Even after war was declared in December 1941, and indeed until the end of hostilities, few Americans felt anything like the animosity towards Germans that they displayed against the Japanese. This was not merely a matter of racial sentiment. There was also passionate sympathy for the horrors China had experienced, and continued to experience, at Japanese hands. Most Americans deplored what the Nazis were doing to the world, but would have remained unenthusiastic or indeed implacably hostile about sending armies to Europe, had not Hitler forced the issue.
On 27 May 1941, following the fall of Greece and Crete, 85 million Americans listened to Roosevelt’s national radio broadcast, in which he warned of the perils of Nazi victory.
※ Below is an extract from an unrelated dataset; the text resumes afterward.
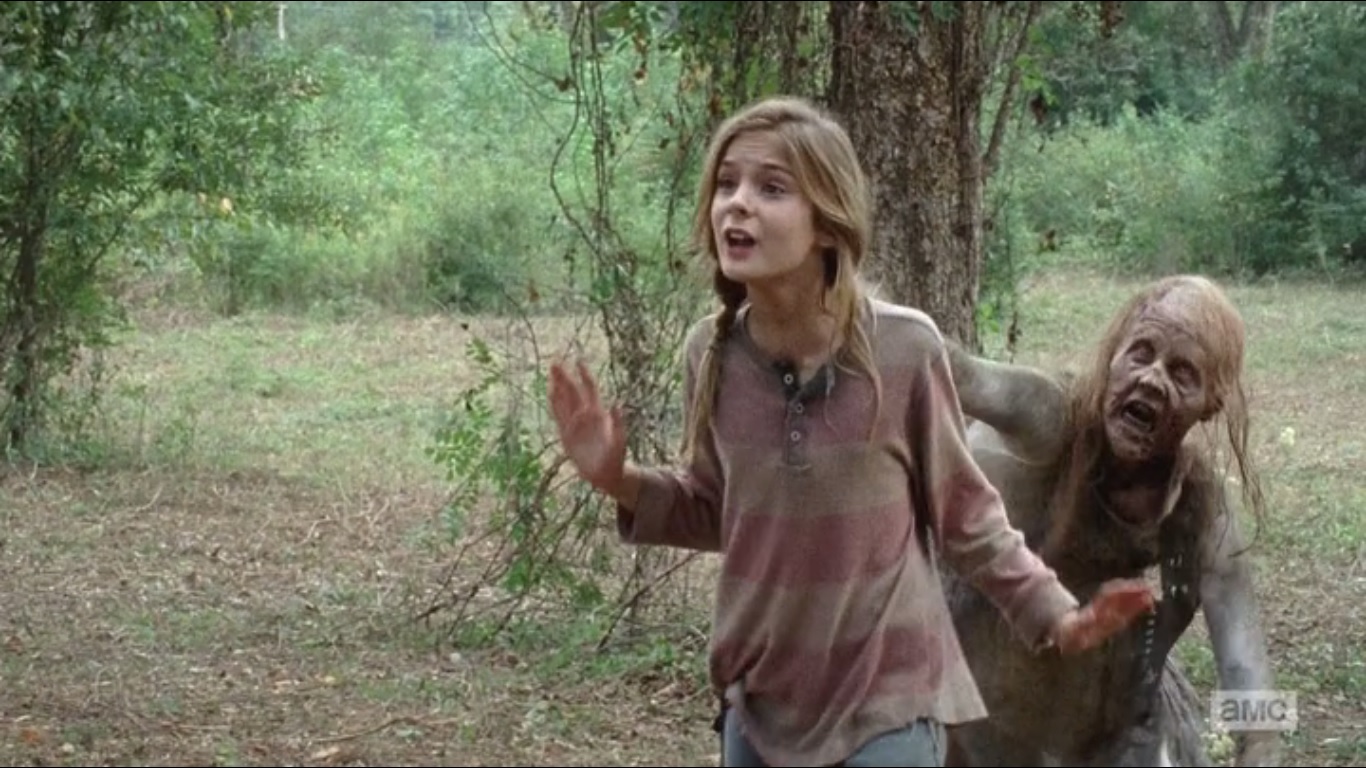 Description: A young girl is walking through the woods with a zombie face on her face and a man in the background.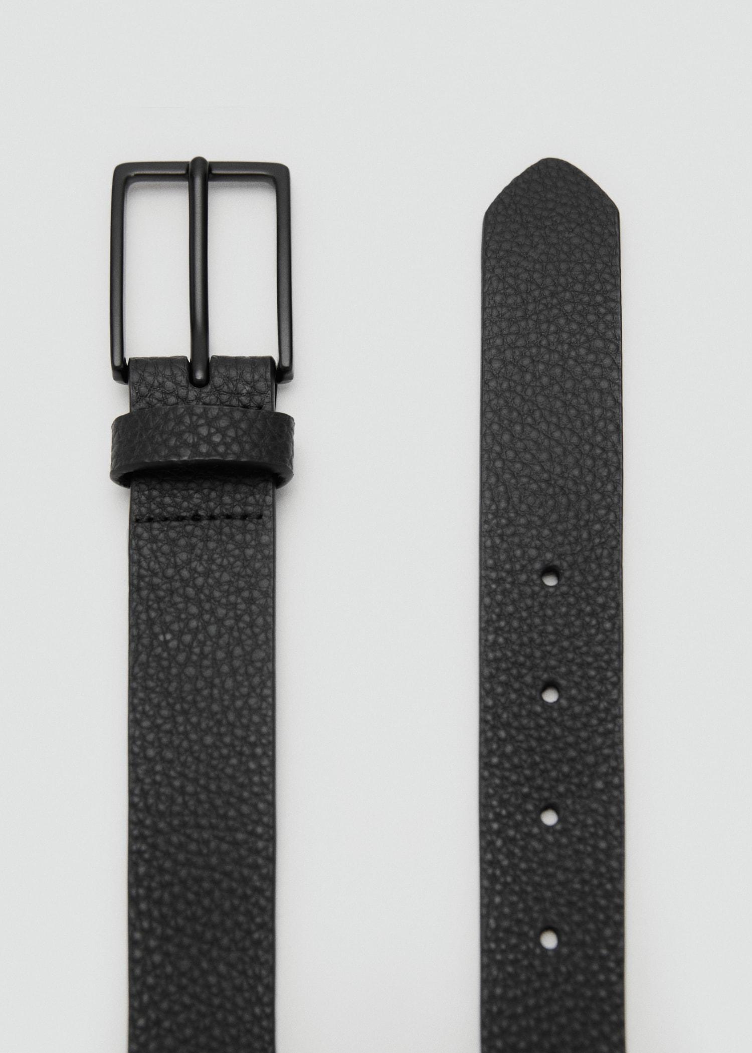 100% bovine leather. Inner part with with a flamed finish. Tone-on-tone metallic buckle. Perforation for free size adjustment in MANGO stores. 31.5x1.57 in

The nation was, in one historian’s words, “afraid, unhappy and bewildered.” The president concluded by declaring a “state of unlimited national emergency.” No one was sure what this meant, save that it brought war closer and increased the powers of the executive. Many towns, especially in the South, began to experience economic booms on the back of military and naval construction programmes. Yet labour disputes dogged the nation: some industrial workers felt as alienated from America’s national purposes, and from their employers, as their counterparts in Britain did. Unregulated mining killed nearly 1,300 U.S. underground workers in 1940 and maimed many more; passions ran so high that strikes were often violent. Four men died and twelve more were badly injured during a 1941 dispute in Harlan County, Kentucky.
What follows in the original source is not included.